“No hagan nada por rivalidad o vanagloria” (Flp 2,3)

Ya sea por prolongación de los privilegios disfrutados o para compensar todo lo que no se obtuvo, hay gente que busca -incansablemente- “confirmación” de los demás y “autocomplacencia” a costa de un título, un puesto, unas ropas, unas propiedades o rodeándose de personas que le halaguen.  La “ansiedad prolongada” hace que se busquen maneras de saciar el apetito de protagonismo, aplauso, placer, satisfacción o estima.

En las relaciones sociales o eclesiales, existen maneras de detectar posibles “objetos de placer” o “mediaciones de poder” que lleven a la cúspide -por encima de los otros, pero por debajo de la transparencia- las ansiedades de “vanagloria”. Aunque se trata de una “gloria vana”, sabemos que, mientras dure el estímulo y se obtenga satisfacción, se mantendrá el afán de notoriedad socio-eclesial.

La otra cara de la misma moneda del protagonismo y de la vanagloria es la “rivalidad”. Porque siempre podría haber algún árbol que haga sombra a otro árbol, que una estrella brille tanto o más que otra, o que alguien lamparoso deba apagar otras lámparas. Entre “iguales” que buscan -egocéntricamente- su protagonismo… habrá rivalidad, incluso hasta provocar la eliminación del competidor. Lo vemos entre artistas, políticos, profesionales… y -quizá- en la misma Iglesia. 

“Rivalidad y vanagloria” son dos expresiones de una persona o entidad abusiva y abusadora. Porque el poder, placer, éxito y notoriedad son las cuatro patas de la silla donde se sienta la personalidad enfermiza y la acción delictiva del abusador. Por lo tanto, si queremos prevenir cualquier relación insana, tendremos que revisar y corregir cualquier actitud que pretenda eliminar al contrario y manipular al cercano.

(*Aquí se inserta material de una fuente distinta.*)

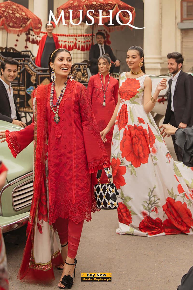 Mushq Red Luxury Lawn Collection Replica
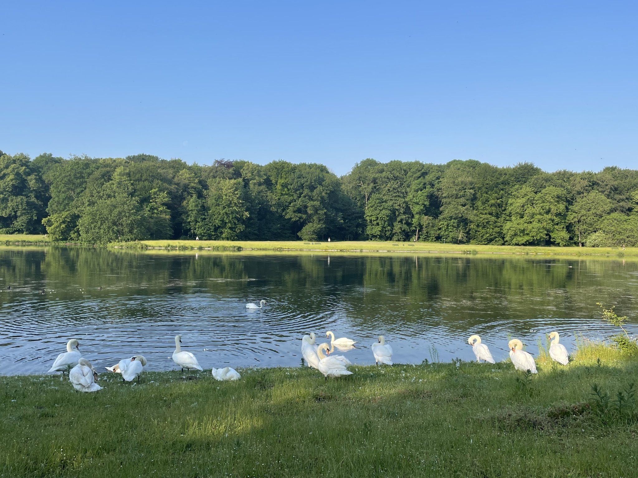 От онзи ден в парка. Лебеди по целия бряг на езерото. Не можах да ги хвана всички в обектива, но бяха много красива гледка.
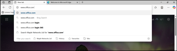 8. Type in 'www.office.com' in the address bar, then press the Enter key on the keyboard.
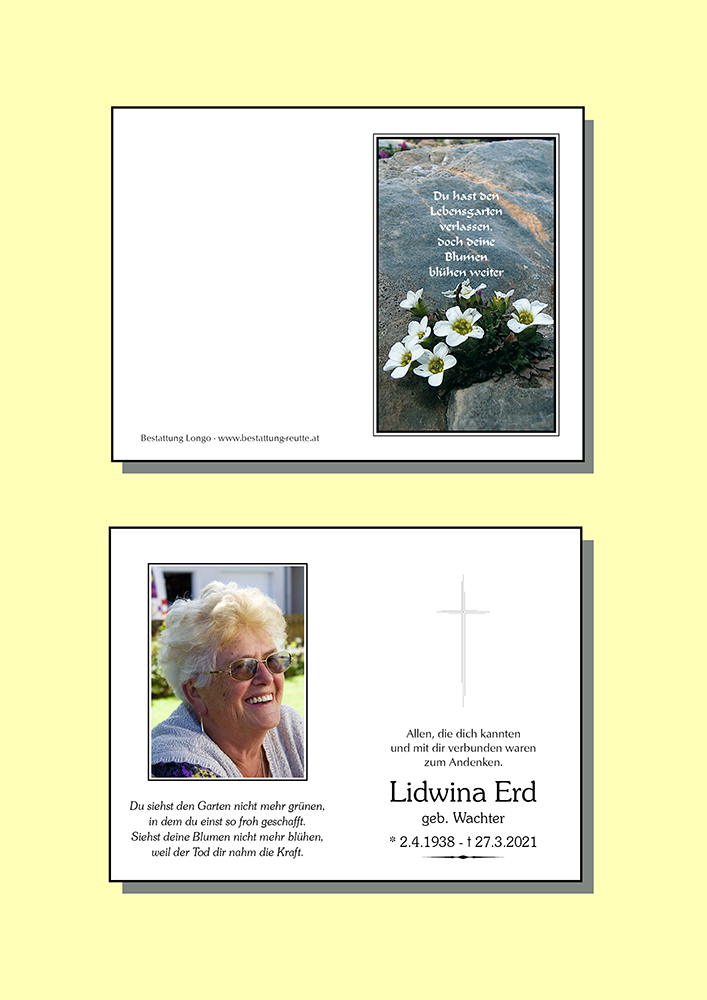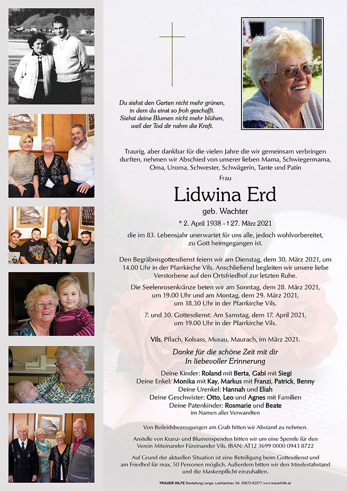 02.04.1938 27.03.2021 Vils Lidwina Erd Action Parte Sterbebild Gedenkkerzen Kondolenzen Parte Sterbebild Gedenkkerzen Kondolenzen Parte herunterladen Sterbebild herunterladen Gedenkkerzen für Lidwina Erd 178 Einträge Kerze anzünden Elmar Ein Licht für deinen Weg-Christine Perle Familie Doser, Musau Ein Licht für deinen Weg-Christine Perle Ein Licht für deinen Weg-Christine Perle Ein Licht für deinen Weg-Christine Perle Ein Licht für deinen Weg-Christine Perle Ein Licht für deinen Weg-Christine Perle Leni Scheucher Ein Licht für deinen Weg-Christine Perle Erich u. Christa Heiserer Ein Licht für deinen Weg-Christine Perle Klaus und Elisabeth Gressl Erich u. Christa Heiserer Ein Licht für deinen Weg-Christine Perle Markus u. Claudia Monitzer Silvia u. Elmar Magdalena Wachter Sigrid Abraham Anita und Roland Steiner Carmen Dirr Anni und Gustl Busslechner Sonja und Günther Köchl Helmut u. Margarete Ostheimer Fam. Gerhard und Kornelia Hohenrainer Ruhe in Frieden Fam. Lanschützer Mitarbeiter ÖAMTC Stp. Reutte Viktoria Schmid ✨ Karin & Wolfgang Müller Alexander Ammann Fam. Hans Obristhofer Roland und Gabi Beirer Mali + Horst Meindel Annemarie Tröber Rosemarie u. Ewald Taferner Michael & Ulli Erd Fam. Dagmar und Andreas Kerle Fam Andy u. Klaudia Inwinkl Roth Wolfgang und Lisi Anita und Helmut Frick Dein Patenkind Beate mit Christoph Marianne & Peter Schautzgy Andreas Djeric Fam. Gritsch Jürgen Andrea Abraham Claudia Klaunzer Ruhe in Frieden, Zenta u Christine Michael Mutschlechner Roswitha und Isolde Ingrid und Gitti dreer Fam. Angelika Roth Manfred u. Uschi Megele Fam. Lechleitner Egon Fam. Lechleitner Egon Fam. Lechleitner Egon Maria Beyrer Musau Martha Wiesinger Adolf Götsch Fam. Guido Galley Gerd & Carola m. Familie Ruhe in Frieden. Deine Cousine Leni Scheucher Ruhe in Frieden Fini Lochbihler Fam. Anja u. Christian Saurer Max & Karin Mellauner Walburga & Josef Dürrhammer Familie Mina Stürzl Karner Ingrid Ernst und Marlene Keller Schretter Roland mit Fam. Charlaine, Tamara und Roland Anna Keller Schretter Irmgard und Siegfried Werner und Gabi Wiesinger Carmen u. Peter Mantl Ulli u. Karl Gigl Fini u. Helmut Fam. Heribert & Anni Bailom Hedi und Edwin Angelika, Julia, Christina, Andi und Christl Fam. Paul Vogler Erich u. Christa Heiserer Leopold u. Silvia Wörle Dagmar Hummel Fam. Berwanger Walter Fam. Fritz &Ursula Geyeregger Pius und Herta Lachmair In stillem Gedenken Richard Wasle Rudolf Pürcher Friedrich Bubendorfer Hannelore Lochbihler Fam. Stefan Beirer Gerlinde Haunsberger Gerhard u. Annelies Steurer Manfred u. Annelies Wachter Traudl Höfling Susanne & Klaus Dirr Carmen Strigl-Petz m. Familie Hannelore Hosp Reinhold Heiserer Norbert mit Familie Fam. Engelbert Ostheimer Heidi Schneier ein Licht für die Ewigkeit Karl und Ingrid Mages Letzter gruss Annabell + Charly Mario und. Barbara Rief SCHEIBER WALTER Fam. Kastner René Mitzi Brigitte Wachter Annelies und Klaus Singer Annelies und Klaus Singer Annelies und Robert Heiserer Elsa u Willi Kaiser Edith und Tamara Moore Willi & Lydia m. Familie Carmen Kaiser mit Familie Martin Immler Silvia u. Elmar Beirer Familie Krepler Fam. Georg u. Rita Gruber Fam. Rudi & Erika Petz Mantl Gabi Michael Moore Bruno HAUG Alfred & Melitta Ginther Fam. Markus & Michaela Blondeel Hanni & Franz Kögl Familie Armin Megele Hildegard Schmidhofer Manfred & Trixi Kerber Daniela Beirer Geri Immler mit Familie Leopold und Petra Vogler Melanie Hummel und Johann Triendl Fam. Marion Ostheimer Dagmar Hummel Ruhe in Frieden Margaretha Erd Carola&Reini mit Tobias&Manuel Fam. Alfred Oberhollenzer Fam. Klaus & Christiane Huter Martin & Heike Gassmann "Miteinander-Füreinander" Luisi Gassmann Anita Ostheimer Ein Licht für deinen Weg-Christine Perle Karin Schretter Fam. Elisabeth und Siegfried Amann Fam. Günter&Gitti Mugllach Dietmar u. Ulli Hosp Fam. Martin &Simone Petz Fam. Irene & Markus Rachbauer Bernhard & Conny Strigl Otto und Dari, Helene und Sophia Agnes und Josef Vogler Alexandra Thurner Gisela u. Pepi Gschwend Haselwanter Erwin u Sonja Beatrix Monitzer Ilse u. Armin Erd Dalmonego Eleonore Fam. Markus Triendl Fam Fam. Paul und Annemarie Kaiser Unser herzliches Beileid! Ingrid und Adi Familie Pitterle Ein Licht für Dich Gustl Ihrenberger Sonja u. Michael Pumeneder Arthur Hosp und Fini Marga Hackl Breitenwang Christoph Hosp Fam. Leitner, Pflach Ingrid u. Gebhard Lorenz Claudia Schreieck TrauerHilfe Bestattung Longo Ihre Gedenkkerze fürLidwina Erd Ihr Name* Farbe auswählen Ihre Nachricht oder Name* E-Mail-Adresse* Mit dem Klicken auf "Kerze anzünden" erklären Sie sich mit unseren Datenschutzbestimmungen einverstanden. Kondolenzbuch für Lidwina Erd 1 Eintrag Kondolenz verfassen Wir sind nur Gast auf Erden und wandern ohne Ruh‘ mit mancherlei Beschwerden der ewigen Heimat zu. Ruhe in Frieden 28.03.2021 um 16:22 Uhr Ihr Abschiedsgruß an Lidwina Erd Ihr Name* E-Mail-Adresse* Ihre Nachricht* Mit dem Klicken auf "Gruß absenden" erklären Sie sich mit unseren Datenschutzbestimmungen einverstanden.
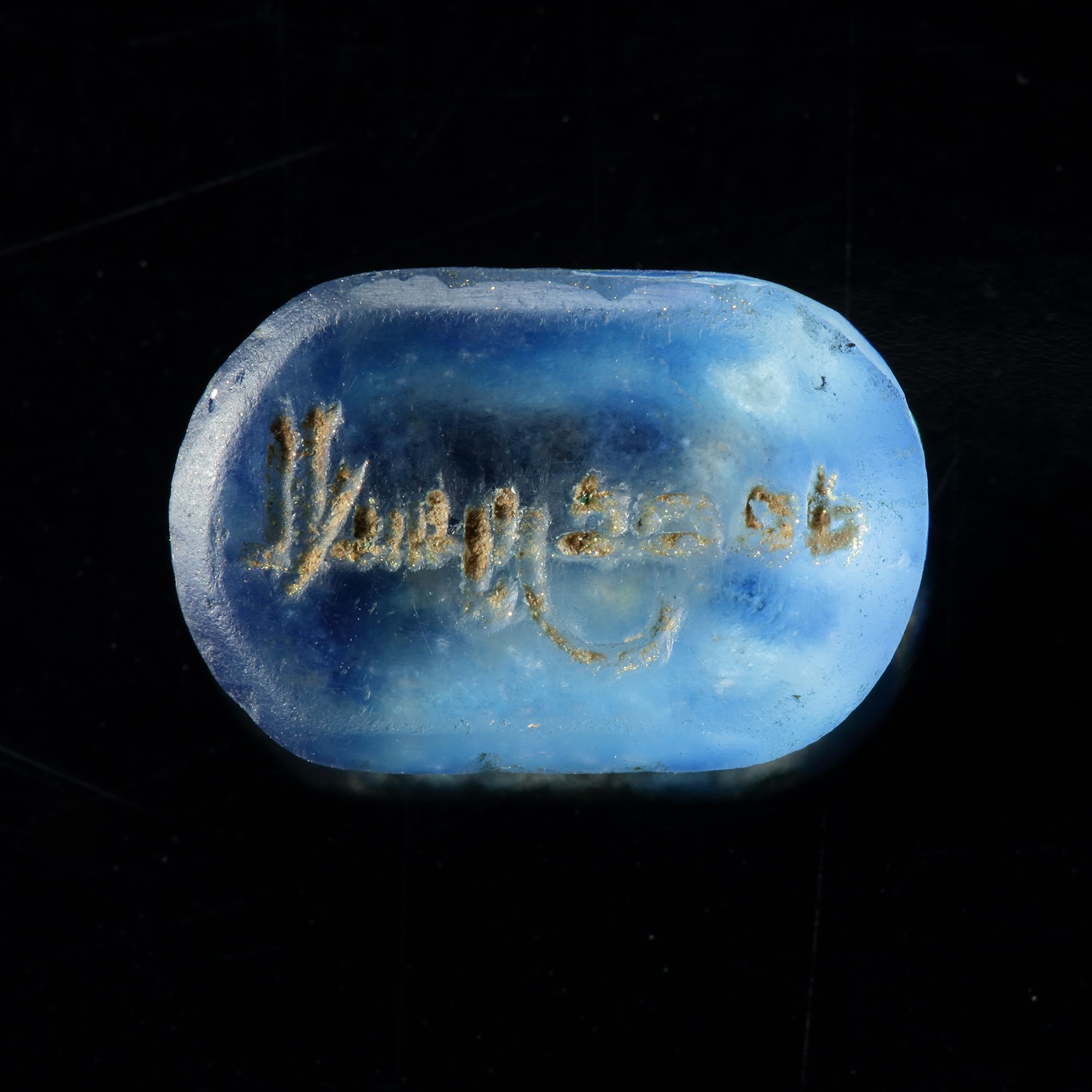 A turquoise stone seal with rounded ends, engraved with the text "الحسن بن عدروه, al-Hasan bin ador'h" in Kufic script. 2th/4th AH-8th/10th AD century, excellent condition, 8 mm. by 12 mm.
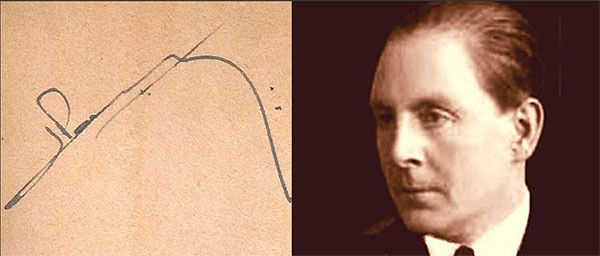 Héctor Pedro Blomberg y su firma (autógrafa, en un ejemplar de "Cancionero Federal", año 1934).

Cabe preguntarnos si las dificultades para trabajar en equipo -social, eclesial o pastoral- no tienen sus raíces en estas dos advertencias paulinas. Por lo tanto, dice Flp 2,4: “No busque nadie sus propios intereses, sino más bien preocúpese cada uno por los demás”, para que la egolatría se transforme en donación, solidaridad y sinodalidad.

La conversión personal y eclesial pretende que “tengamos unos con otros los mismos sentimientos que estuvieron en Cristo Jesús” (Flp 2,5), que no reclamó nada para sí ni tampoco se vio forzado a la misión: “Nadie me la quita (la vida), sino que yo mismo la entrego” (Jn 10,18).

Apagar la ansiedad de vanagloria y encender la espiritualidad del cuidado, pasan por la experiencia humilde del agradecimiento -por lo recibido- y de la gratuidad -a entregar- para que “todos” tengan vida en abundancia, en lugar de “consumir” algunas vidas ajenas para alimentar la mórbida obesidad abusiva.